5 Reasons Why Your Business Is Too Dependent on You.

If you were to draw a picture that visually represents your role in your business, what would it look like? Are you at the top of an organizational chart, or stuck in the middle of your business like a hub in a bicycle wheel? The Hub & Spoke model is a value driver that shows how dependent your business is on you for survival. The Hub & Spoke model can only be as strong as the hub. The moment the hub is overwhelmed, the entire system fails. Acquirers generally avoid these types of managed businesses because they understand the dangers of buying a company too dependent on the owner.

Here’s a list of the 5 top warning signs that indicate your business could be too dependent on you.

1. You are the only signing authority.
Most business owners give themselves final authority... all the time. But what happens if you’re away for a couple of days and an important vendor needs to be paid? Consider giving an employee signing authority for an amount you’re comfortable with, and then change the mailing address on your bank statements so they are mailed to your home (not the office). That way, you can review everything coming out of your account and make sure the privilege isn’t being abused.

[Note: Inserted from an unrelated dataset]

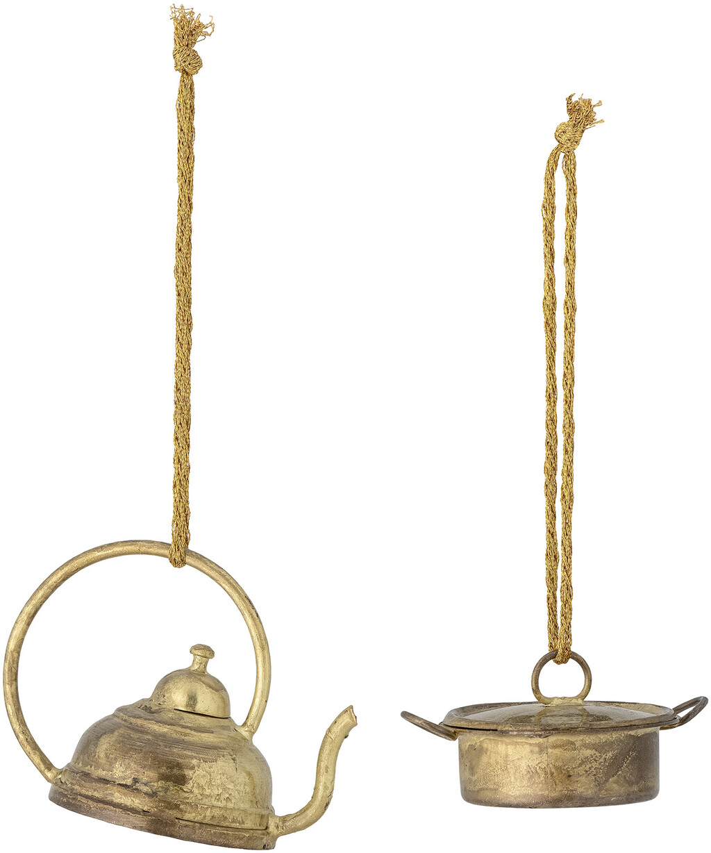 Gracia Ornamenterne fra Bloomingville er et sæt af 2 virkelig fine juleornamenter. De er lavet af metal og skal forestille en lille kedel og gryde med låg, i et antikt look. De vil helt sikkert pynte på juletræet eller enhver anden dekoration.Højde: 6/3 cm

2. Your revenue is flat when compared to last year’s.
Flat revenue from one year to the next can be a sign you are a hub in a hub-and-spoke model. Like forcing water through a hose, you have only so much capacity. No matter how efficient you are, every business dependent on its owner reaches capacity at some point. Consider narrowing your service line by eliminating complex situations that require your personal involvement, for example, instead of focusing or taking on shorter shift cases focus on longer term cases that require less management.
3. Your vacations... don’t feel like vacations.

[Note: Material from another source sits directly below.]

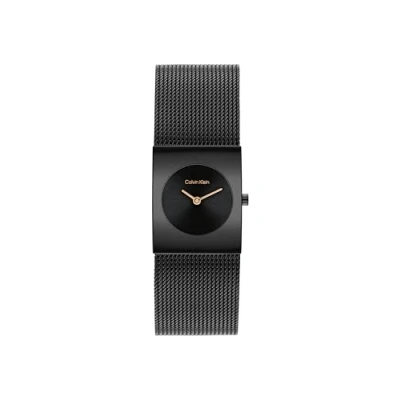 2-HAND QUARTZ MOVEMENT FOR WOMEN – This watch from the CK PULSE collection offers precision and minimalist design for a contemporary feminine style with Calvin Klein’s signature touch 21MM BLACK IP STAINLESS STEEL CASE – Slim 6.9 mm profile delivers an iconic and modern look, reflecting the current trend for more compact watches BLACK STAINLESS STEEL SUNRAY DIAL – Minimalist dial with a radiant finish that brings light and sophistication to the Calvin Klein design BLACK IP STAINLESS STEEL MESH BRACELET WITH CLASP CLOSURE – Guaranteed comfort with a sleek, flexible bracelet offering a modern and elegant look 3 ATM WATER RESISTANT – Ideal for everyday wear and accidental splashes without sacrificing style

If you spend your vacations dispatching orders from your mobile, it’s time to cut the tether. Start by taking one day off and seeing how your company does without you. Build systems for failure points. Work up to a point where you can take a few weeks off without affecting your business.
4. You know all of your clients by first name.
It’s good to have the pulse of your market, but knowing every single client by first name can be a sign that you’re relying too heavily on your personal relationships being the glue that holds your business together. Consider replacing yourself as a rain maker by hiring a sales team, and as inefficient as it seems, have a trusted employee shadow you when you meet clients so over time your clients get used to dealing with someone else. The idea is for everyone on your team to be just as impactful as you are as the owner - your clients should be in a strong relationship with the business not you as an individual.
5. You get cc’d on more than five e-mails a day.
Employees, clients and vendors constantly cc’ing you on e-mails can be a sign that they are looking for your tacit approval or that you have not made clear when you want to be involved in their work. Start by asking your employees to stop using the cc line in an e-mail; ask them to add you to the “to” line if you really must be made aware of something –and only if they need a specific action from you.